Similarly, Ravensong: A Novel (1993), set on a West Coast reserve in the early 1950s, deals with cultural boundaries, beginning with first contact between colonizer and colonized, enacted through the feminine body — the Indigenous women who were sent aboard the first sailing ship to reach the coastal village. They returned to the village as “the first untouchable victims of disease.” The physical space of the village is redrawn by the presence of the white men who assert their dominance over the village, leaving the women alienated and disempowered within their own cultural space.
In 2015, Maracle published Memory Serves and Other Essays, lectures delivered over the past few decades that are “intrinsic to the Salish people in general and the Stó:lō in particular.”
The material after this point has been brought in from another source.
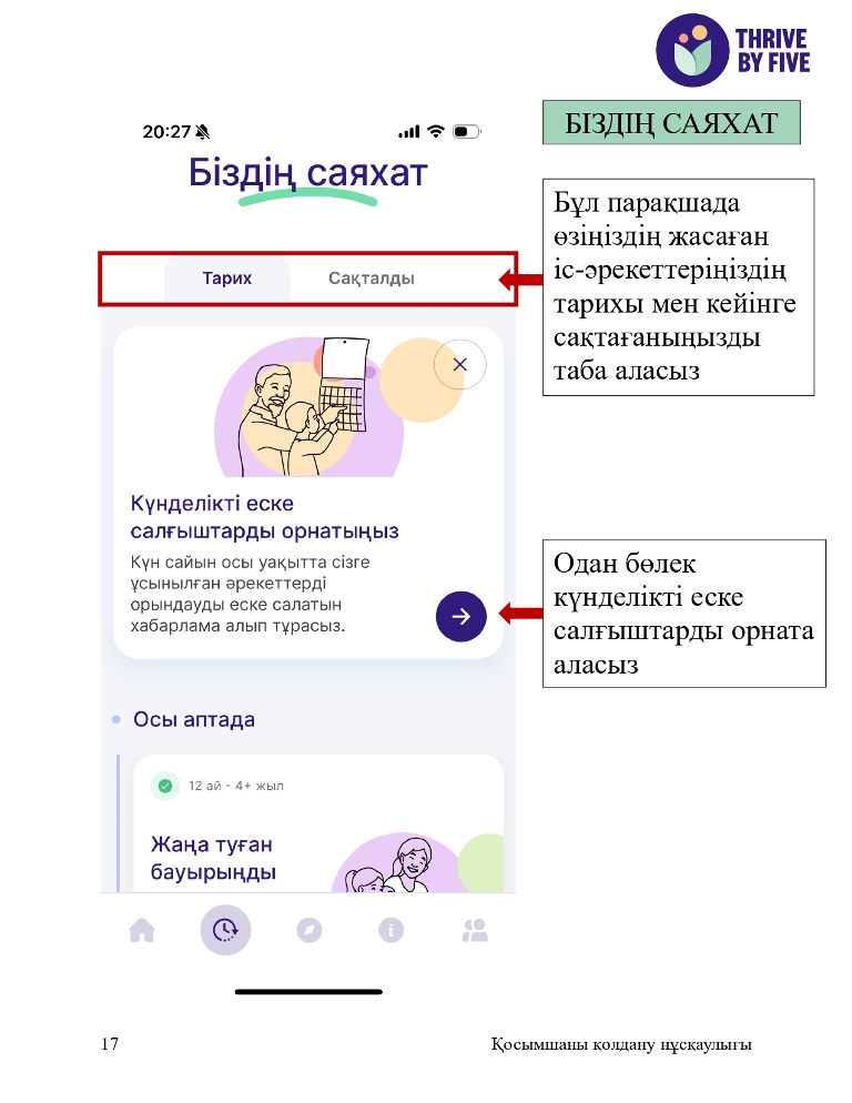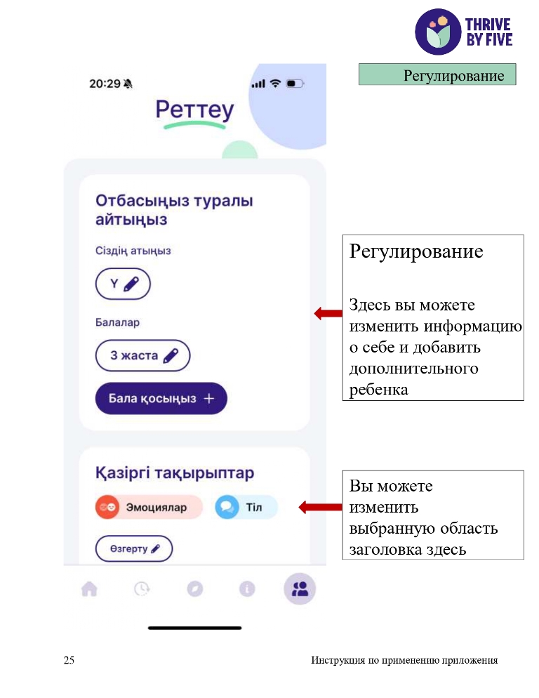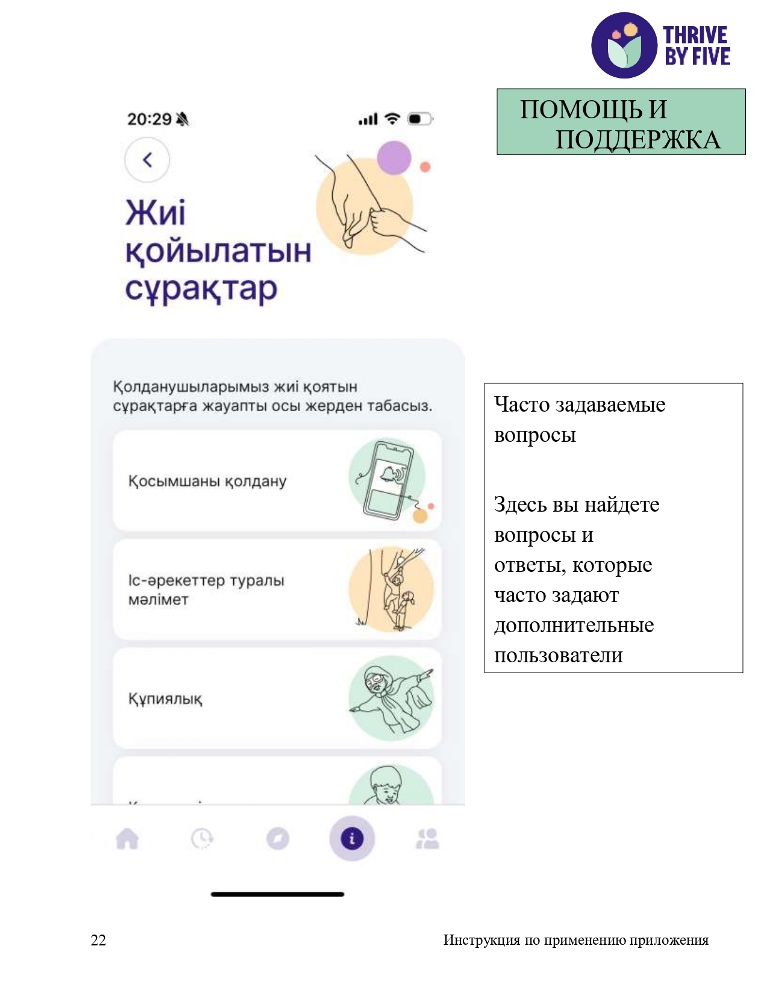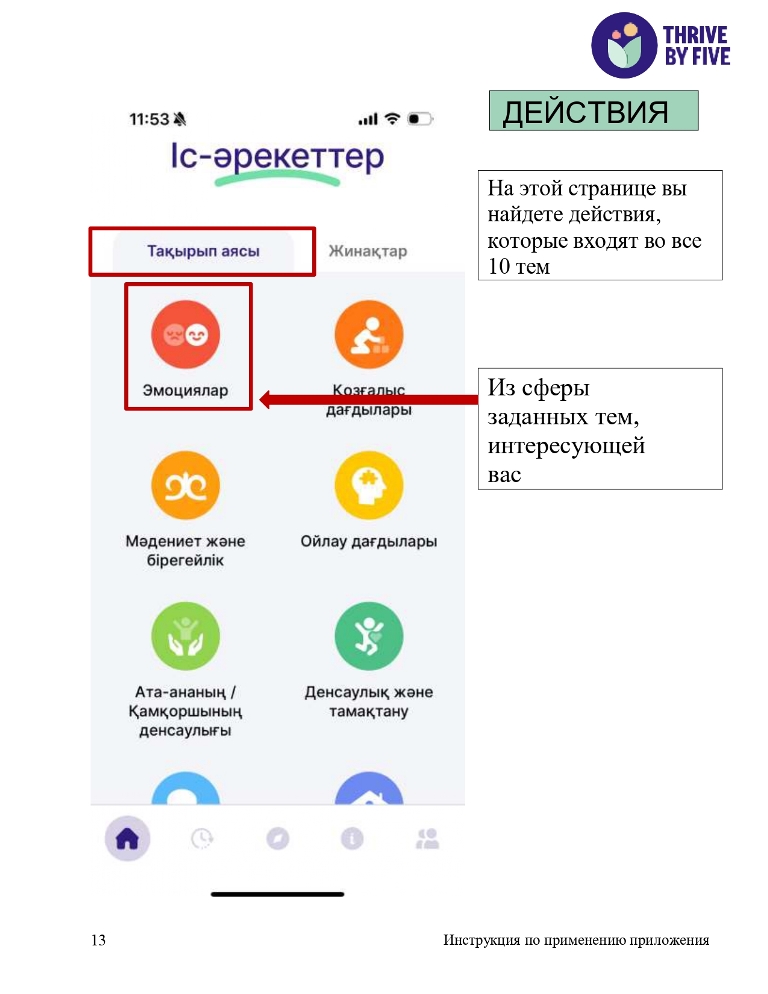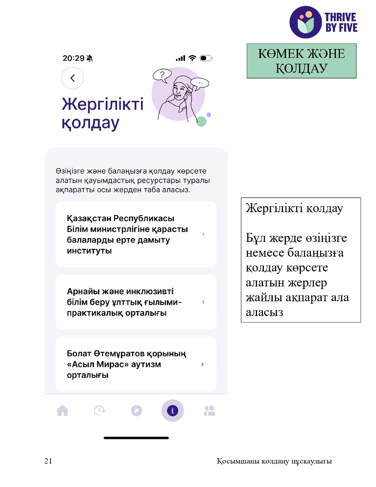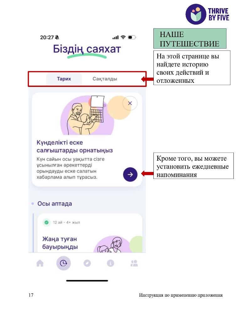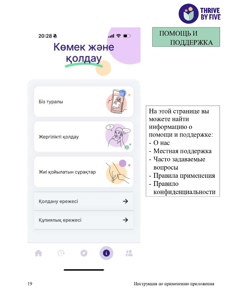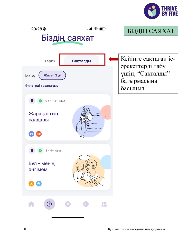 Мобильное приложение предоставляет для родителей, воспитывающих детей в домашних условиях, легкодоступные короткие практические активности по здоровью и питанию, воспитанию, развитию творческих и коммуникативных навыков, играм и взаимоотношениям. Контент предоставляет 120 идей для занятий с детьми по 10 направлениям на казахском, русском и английском языках.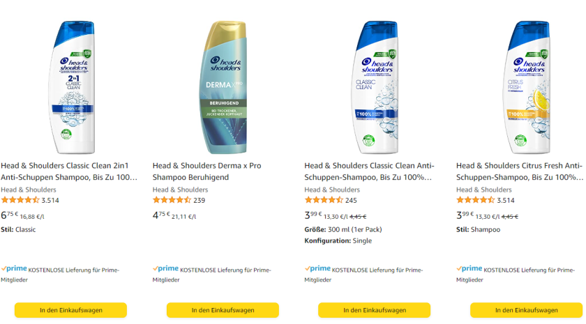 Bei Amazon gibt es gerade 3 Flaschen Head & Shoulders zum Preis von 2.

Among Maracle’s other published works are Sojourner’s Truth (1990), Telling It: Women and Language Across Cultures (1990), Sundogs: A Novel (1992), Bent Box (2000), My Home as I Remember (ed., 2000), Daughters are Forever (2002), Will’s Garden (2002, 2008), First Wives Club: Coast Salish Style (2010), Talking to the Diaspora (2015), My Conversations with Canadians (2017, finalist for the 2018 Toronto Book Award), and Hope Matters (2019).
Did You Know?
Lee Maracle was shortlisted for the 2020 Neustadt International Prize for Literature, one of the world’s most prestigious literary awards. Previous Canadian nominees include Nobel Prize for Literature winner Alice Munro and Rohinton Mistry, who won the Neustadt in 2012.
Honours and Awards
Maracle held numerous academic posts, including the Stanley Knowles Visiting Professor in Canadian Studies at University of Waterloo; Distinguished Visiting Professor of Canadian Culture at Western Washington University; Writer-in-Residence at University of Guelph; Writer-in-Residence at University of Toronto’s First Nations House; Instructor for the Aboriginal Studies Program at University of Toronto; and Traditional Cultural Director for the Indigenous Theatre School in Toronto.
Her awards include the J.T. Stewart Voices of Change Award (2000) and an American Book Award from the Before Columbus Foundation (2000). In 2009, Maracle received an Honorary Doctor of Letters from St. Thomas University. In 2019, she was awarded an honourary doctorate from the University of Waterloo in recognition of her work “as an Indigenous voice for truth.” Maracle was also a co-founder of the En'owkin International School of Writing, a learning institute in Penticton, BC, with an Indigenous Fine Arts Program and an Okanagan language program.
Recognized as “one of the most influential Indigenous voices in Canada’s literary landscape” and an author “that has been instrumental in promoting social justice in Canada,” Maracle was made an Officer of the Order of Canada in 2018.